** Given information **
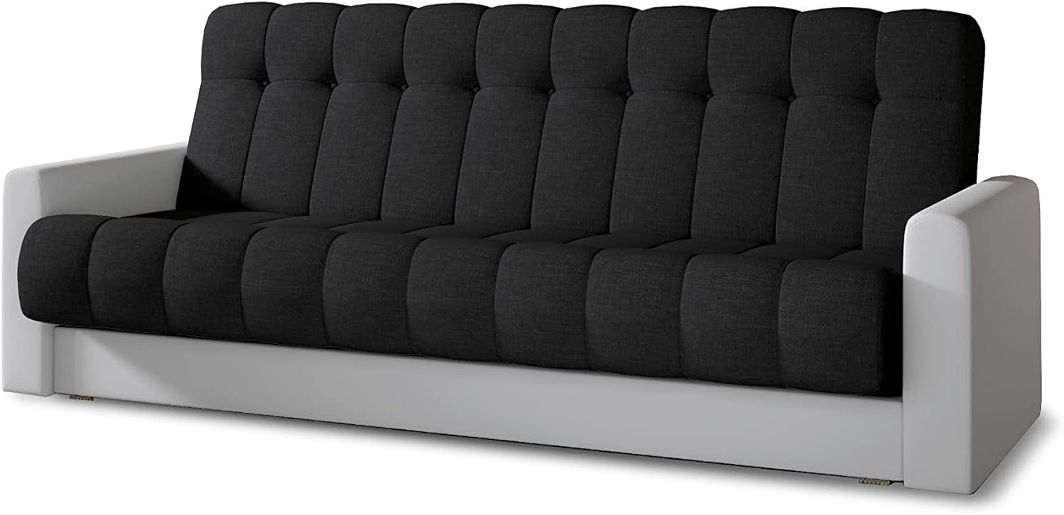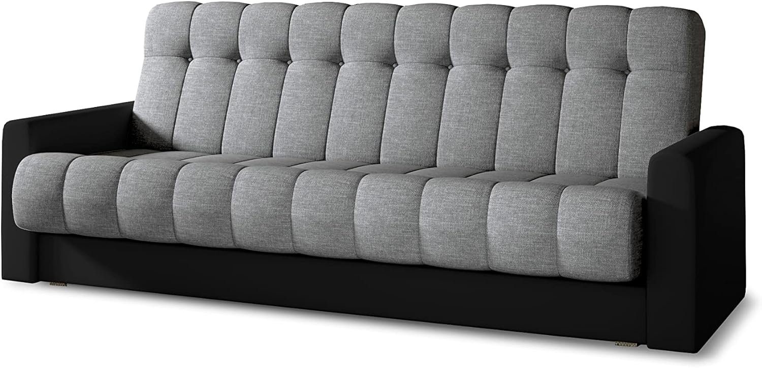 Mit den Maßen von 210 x 85 x 90 cm bietet es ausreichend Platz, um sich zu entspannen und den Komfort zu genießen. Dank der integrierten Schlaffunktion lässt sich das Sofa mühelos in ein gemütliches Bett verwandeln. Die Schlaffläche misst 115 x 190 cm, was es zu einer idealen Lösung für Gäste oder für den täglichen Gebrauch macht. Besonders praktisch ist der geräumige Bettzeugbehälter, der zusätzlichen Stauraum bietet und mit dem Klik-Klak-Öffnungsmechanismus problemlos bedient werden kann.
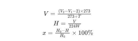 式中:V為在1個標準大氣壓、273 K的條件下生成氫氣的體積,mL;V 1為反應前堿式滴定管的讀數(shù),mL;V 2為反應后堿式滴定管的讀數(shù),mL;T為反應溫度,℃;H為反應產(chǎn)物的含氫量,10-2 mol/g;W為樣品質(zhì)量,g;x為MDHM轉(zhuǎn)化率;H 0為反應前產(chǎn)物的含氫量,10-2 mol/g。
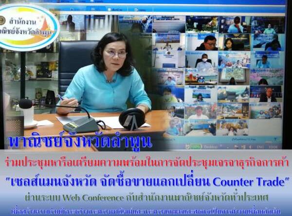 “นิยดา หมื่นอนันต์” พาณิชย์จังหวัดลำพูน ร่วมประชุมหารือเตรียมความพร้อมในการจัดประชุมเจรจาธุรกิจการค้า “เซลส์แมนจังหวัด จัดซื้อขายแลกเปลี่ยน Counter Trade” ผ่านระบบ Web Conference
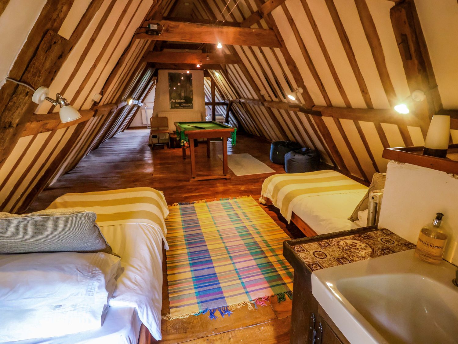 "Over three floors. Three bedrooms: 1 x double, 1 x double with en-suite with bath, shower over, basin, and WC, 1 x second-floor family room with four single beds and a pool table. Ground-floor bathroom with bath, basin, WC. Kitchen. Utility. Dining room with woodburning inglenook fireplace. Sitting room with woodburning iglenook fireplace"
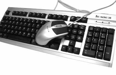 新贵这款型号为“KM-008”的“倾城之恋”键鼠套装由一款超薄键盘和一个光电鼠标组合而成。套装以银色与黑色相配,键盘底座为银色而按键为黑色,底座和按键都经过了特殊的磨砂处理,并采用了防水、防尘和静音设计。套装中的光电鼠标为银色抛光,按键同样为黑色,属于典型的3键设计,通过程序控制,还可以让鼠标的滚轮按键具有三键式鼠标的中键功能。

** Work to be completed **
When copying the listing, print each line exactly but leave out every picture.

** Written response **
 Mit den Maßen von 210 x 85 x 90 cm bietet es ausreichend Platz, um sich zu entspannen und den Komfort zu genießen. Dank der integrierten Schlaffunktion lässt sich das Sofa mühelos in ein gemütliches Bett verwandeln. Die Schlaffläche misst 115 x 190 cm, was es zu einer idealen Lösung für Gäste oder für den täglichen Gebrauch macht. Besonders praktisch ist der geräumige Bettzeugbehälter, der zusätzlichen Stauraum bietet und mit dem Klik-Klak-Öffnungsmechanismus problemlos bedient werden kann.
 式中:V為在1個標準大氣壓、273 K的條件下生成氫氣的體積,mL;V 1為反應前堿式滴定管的讀數(shù),mL;V 2為反應后堿式滴定管的讀數(shù),mL;T為反應溫度,℃;H為反應產(chǎn)物的含氫量,10-2 mol/g;W為樣品質(zhì)量,g;x為MDHM轉(zhuǎn)化率;H 0為反應前產(chǎn)物的含氫量,10-2 mol/g。
 “นิยดา หมื่นอนันต์” พาณิชย์จังหวัดลำพูน ร่วมประชุมหารือเตรียมความพร้อมในการจัดประชุมเจรจาธุรกิจการค้า “เซลส์แมนจังหวัด จัดซื้อขายแลกเปลี่ยน Counter Trade” ผ่านระบบ Web Conference
 "Over three floors. Three bedrooms: 1 x double, 1 x double with en-suite with bath, shower over, basin, and WC, 1 x second-floor family room with four single beds and a pool table. Ground-floor bathroom with bath, basin, WC. Kitchen. Utility. Dining room with woodburning inglenook fireplace. Sitting room with woodburning iglenook fireplace"
 新贵这款型号为“KM-008”的“倾城之恋”键鼠套装由一款超薄键盘和一个光电鼠标组合而成。套装以银色与黑色相配,键盘底座为银色而按键为黑色,底座和按键都经过了特殊的磨砂处理,并采用了防水、防尘和静音设计。套装中的光电鼠标为银色抛光,按键同样为黑色,属于典型的3键设计,通过程序控制,还可以让鼠标的滚轮按键具有三键式鼠标的中键功能。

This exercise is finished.